My feedback = Post in the right section of the forum! 

[the182guy]

Security:

 

Use exit() after your header redirects because it is possible for a non-logged in user to bypass the login system by simply ignoring the redirect.

 

Have a look into SQL Injection, your UPDATE SQL is vulnerable.

 

In a live/production environment you should remove all of the mysql_error() calls which are shown to the user because this an information disclosure security issue.

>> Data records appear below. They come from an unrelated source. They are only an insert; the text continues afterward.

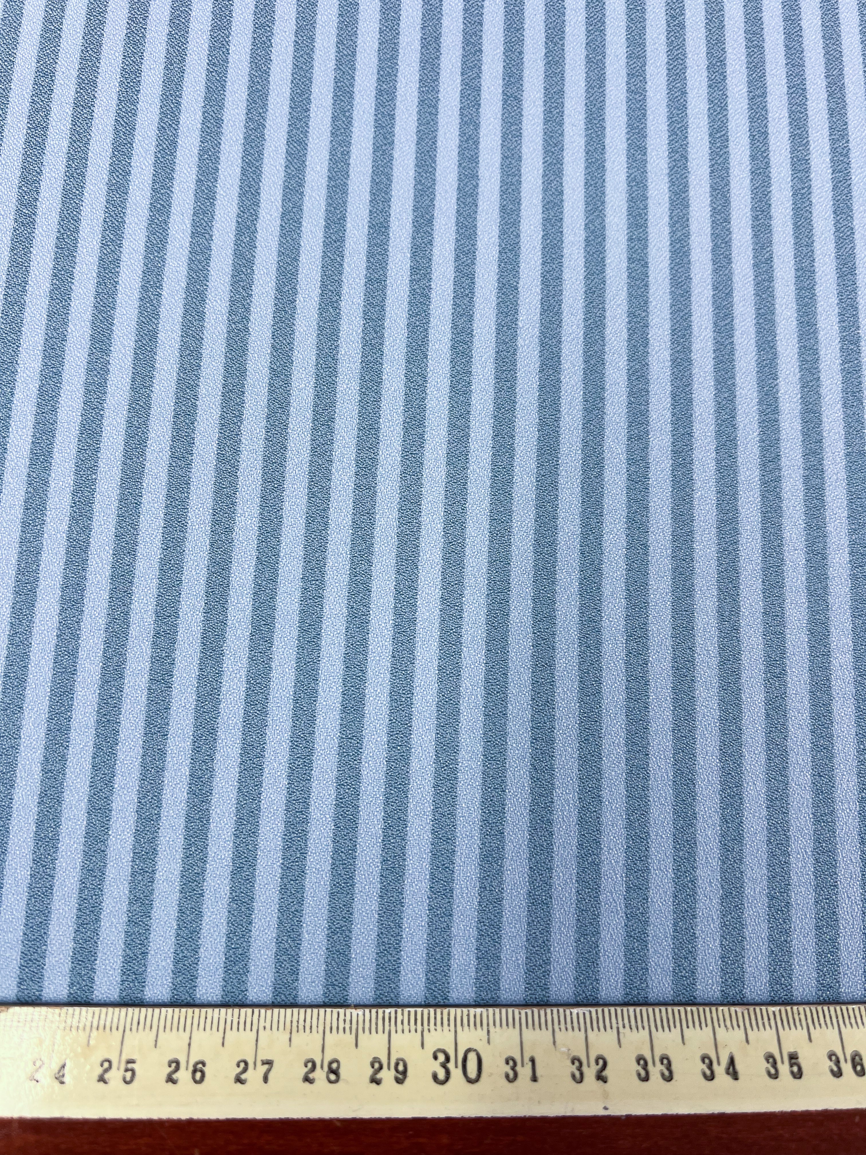 The "Striped Crepe - Milky Blue - 150cm" by Super Cheap Fabrics showcases a neatly folded polyester fabric in a milky blue hue, featuring alternating light and dark blue stripes that form a textured pattern. This smooth and soft fabric exudes high fashion and is an ideal option for clothing or home textiles.
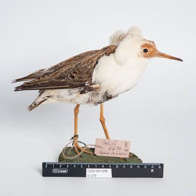 Чучело. Турухтан. Philomachus pugnax (L.,1758). Классификация: Хордовые Chordata, Позвоночные Vertebrata, Птицы Aves, Ржанкообразные Charadriiformes, Бекасовые Scolopacidae, Турухтан Calidris pugnax (L.,1758)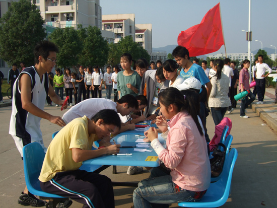 在校史知识越野赛开赛前进行了简短的开幕式,下午3点整越野赛正式开始。本次越野赛以beat365官网百余年来的办学历史为考核内容,融智力和运动为一体,在beat365官网的各类比赛中以其新颖的形式和别具一格的特色吸引了beat365官网龙山校区12个院系120位同学的积极参与。比赛在教学楼广场开始了第一棒,途径龙山校区安苑食堂、后勤食堂、图书馆、11幢学生宿舍楼和教学楼广场五个答题接力站点。在比赛过程中,各院系队员在接到本院系接力棒后奋力奔向下一站点进行答题接力。形式新颖,趣味横生的校史知识环校越野赛吸引了众多同学的观看,并为接力赛跑的选手加油助威,整场比赛在紧张而又愉快的气氛中进行。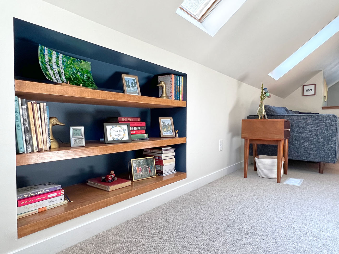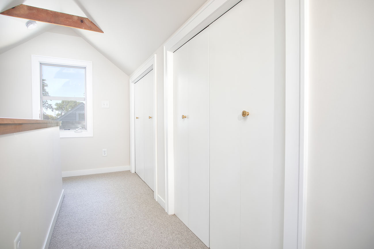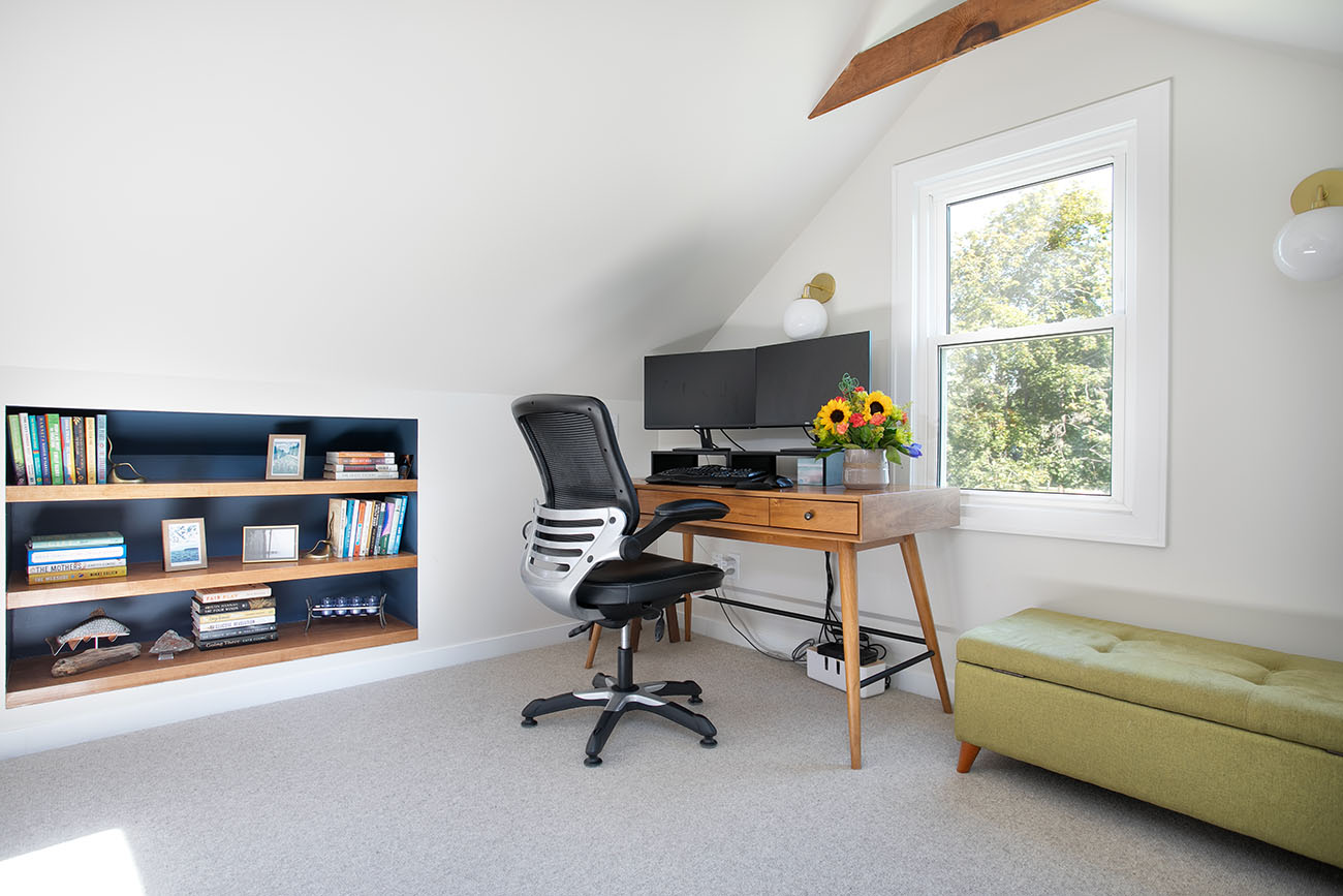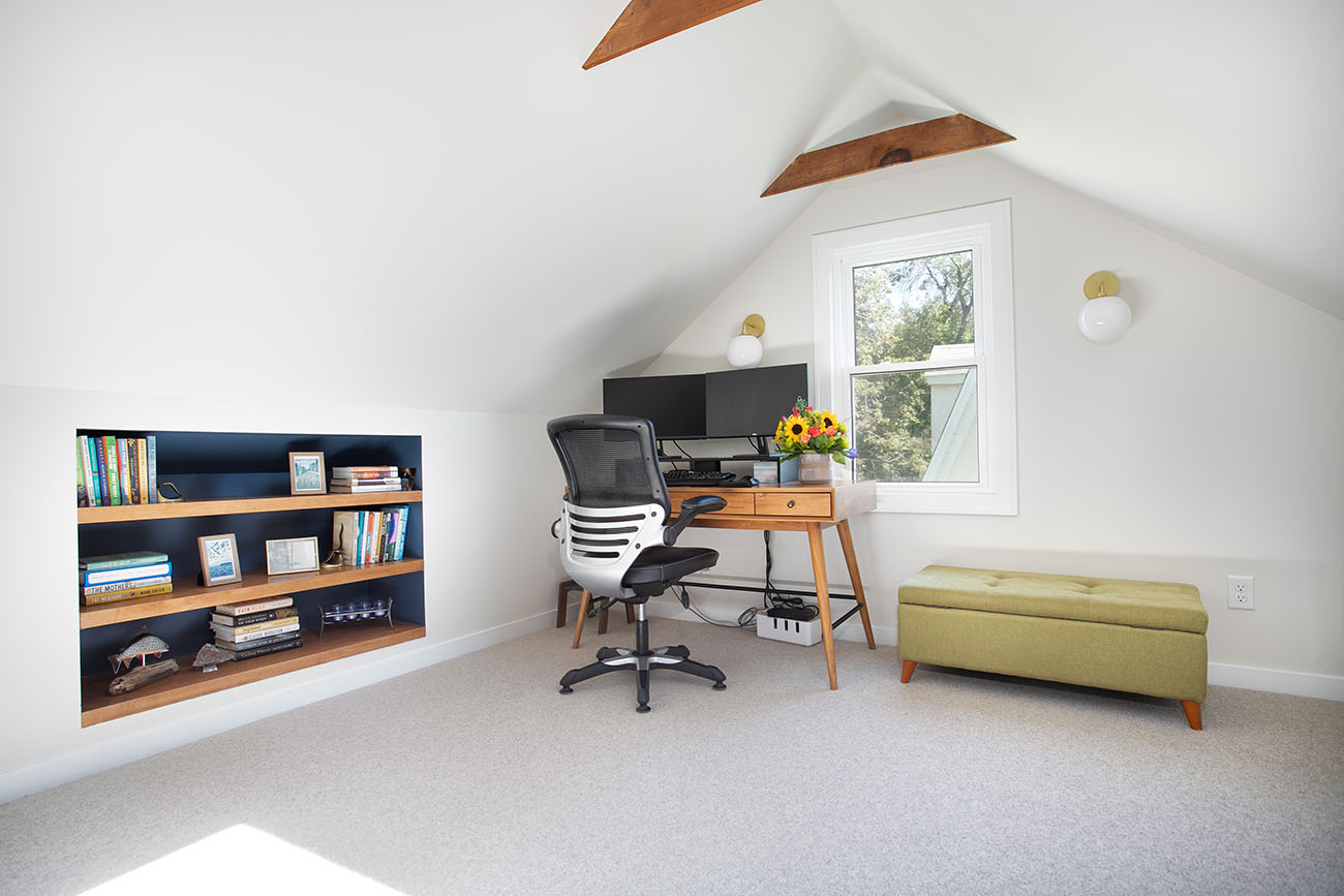 This project finished an story and a half attic space to give the homeowners a large office and additional family room / guest space area. Additional storage was also added with closets and ample access to knee wall storage for items like seasonal décor. The space is light, airy and modern. Pops of color were added in the custom bookshelves that compliment the furniture added by the homeowners. Lighting was selected to add character to the space and highlight the mid century modern style the homeowners liked. Wool carpet gives a soft and warm feeling to the space, and it’s short pile makes for low maintenance.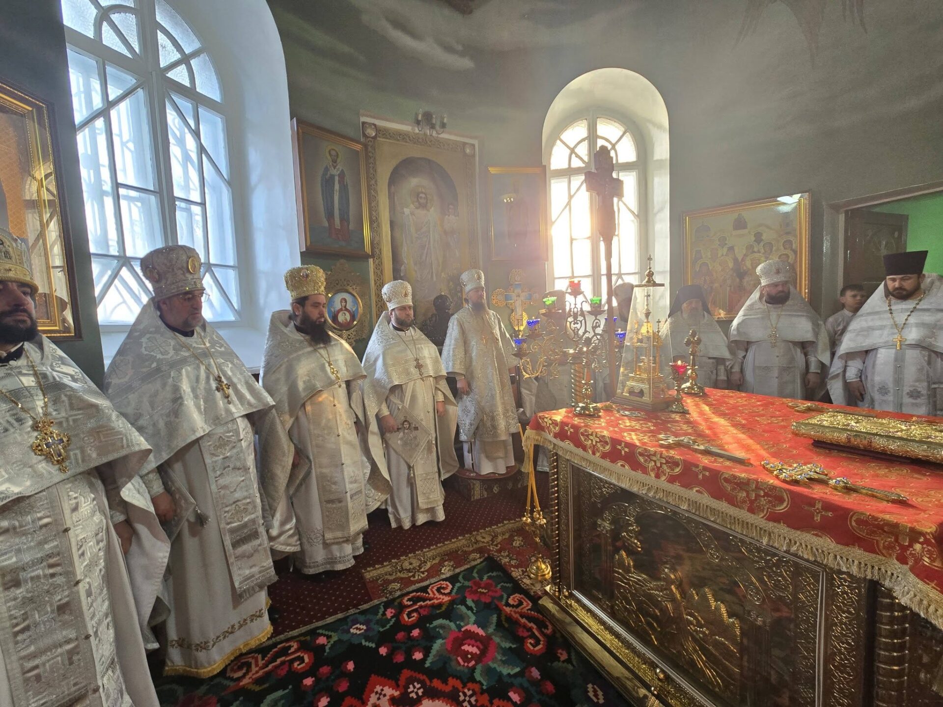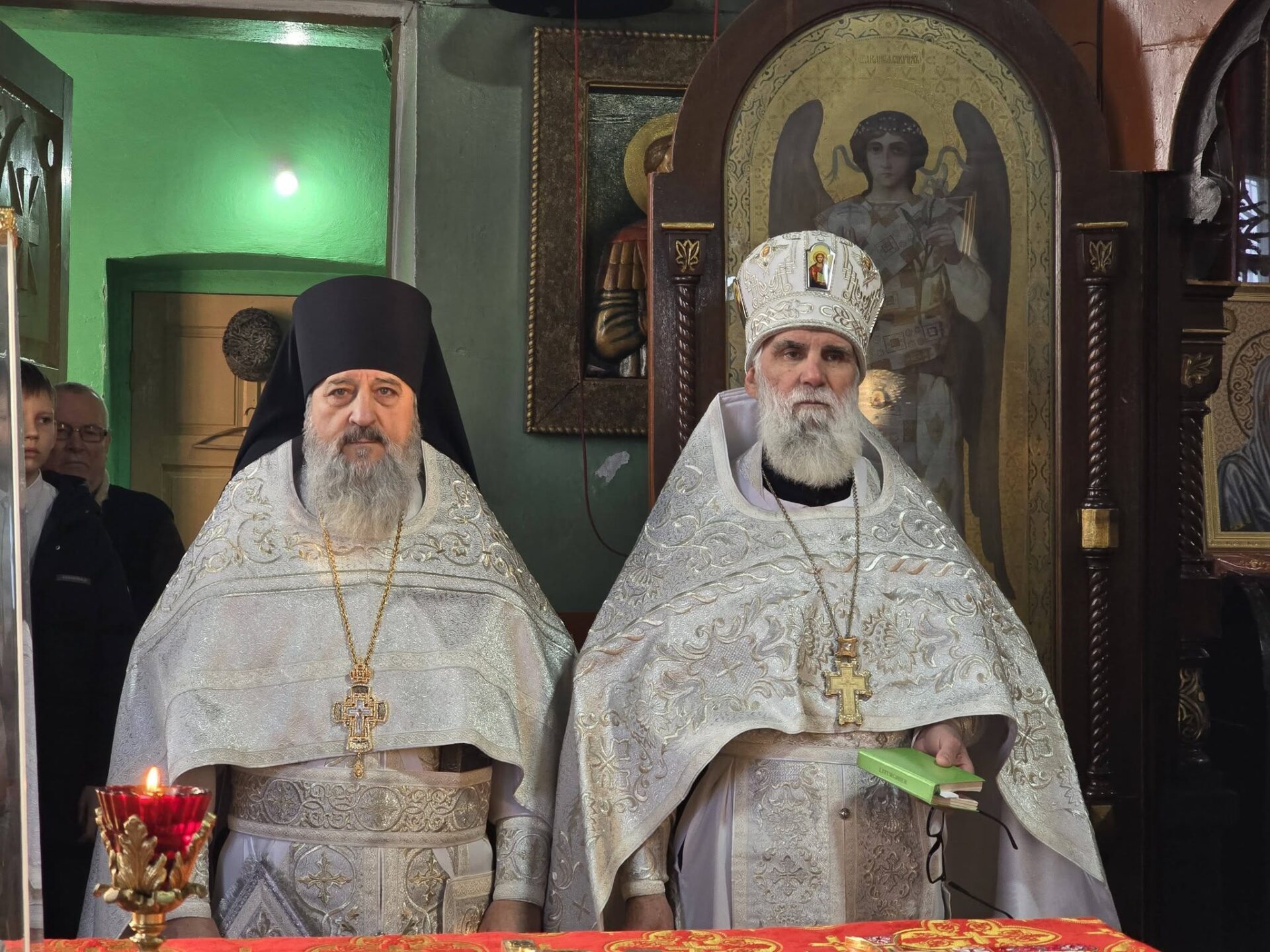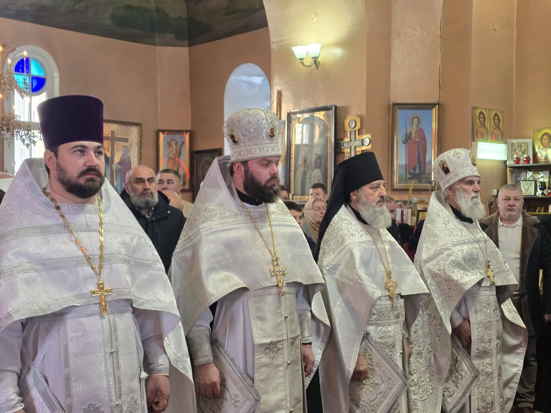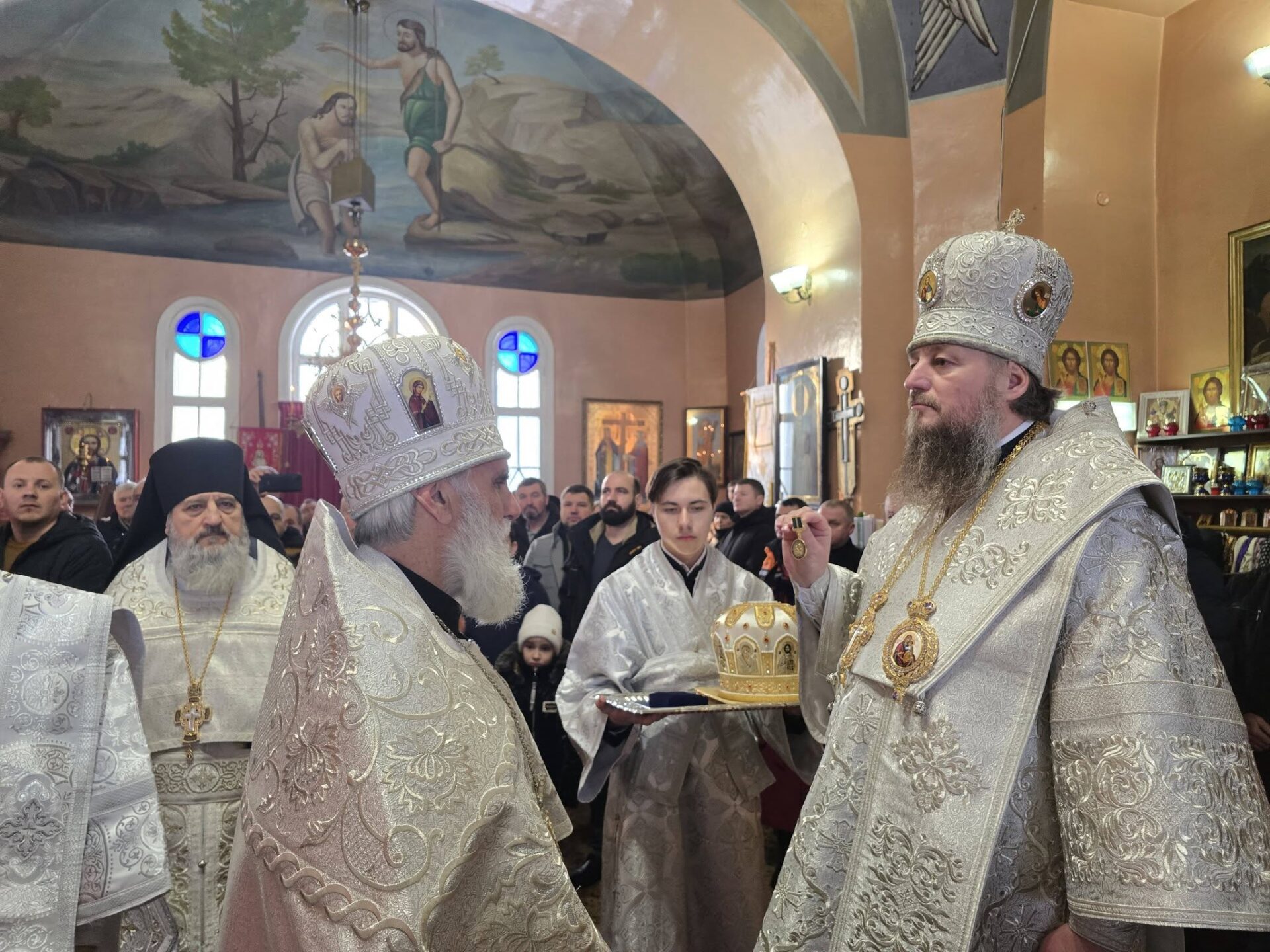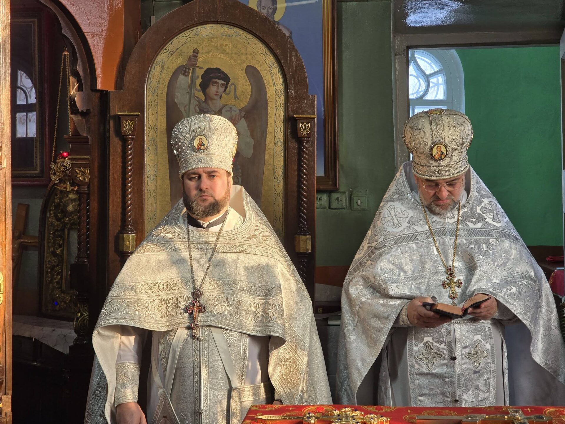 În timpul vohodului mic, părintele Vasile ȚĂRUȘ a fost decorat cu medalia eparhială „Icoana Maicii Domnului „Cu trei mâini””, iar protoiereul Andrei POPOVICI, clericul bisericii gazdă, cu prilejul jubileului de 50 de ani ai vieții și 30 de ani de slujire clericală, a primit dreptul de a purta mitră.

Show a meaningful but non technical error message that doesn't give any details that woud help an attacker. Also don't just die() with the message, handle it properly and display it within your template.

 

Well done for asking for feedback though - a lot of new coders don't do this and end up with bad code standards/poor practices and vulnerabilities.

[PFMaBiSmAd]

I would add to what the182guy posted. On a live site, you should continue to use mysql_error() to LOG any query errors that are occurring.

 

In a real application, when an error occurs, you should produce and display a USER error message (Sorry, you currently cannot log in to this site due to an error). You should also log all the available information about each error so that you can find and fix what is causing the problem. If you use trigger_error in your error handling logic, php will take the information you supply as the first parameter to trigger_error and produce an user generated error message that includes the file and line number (of the trigger_error statement) that can be logged by setting the log_errors setting to ON.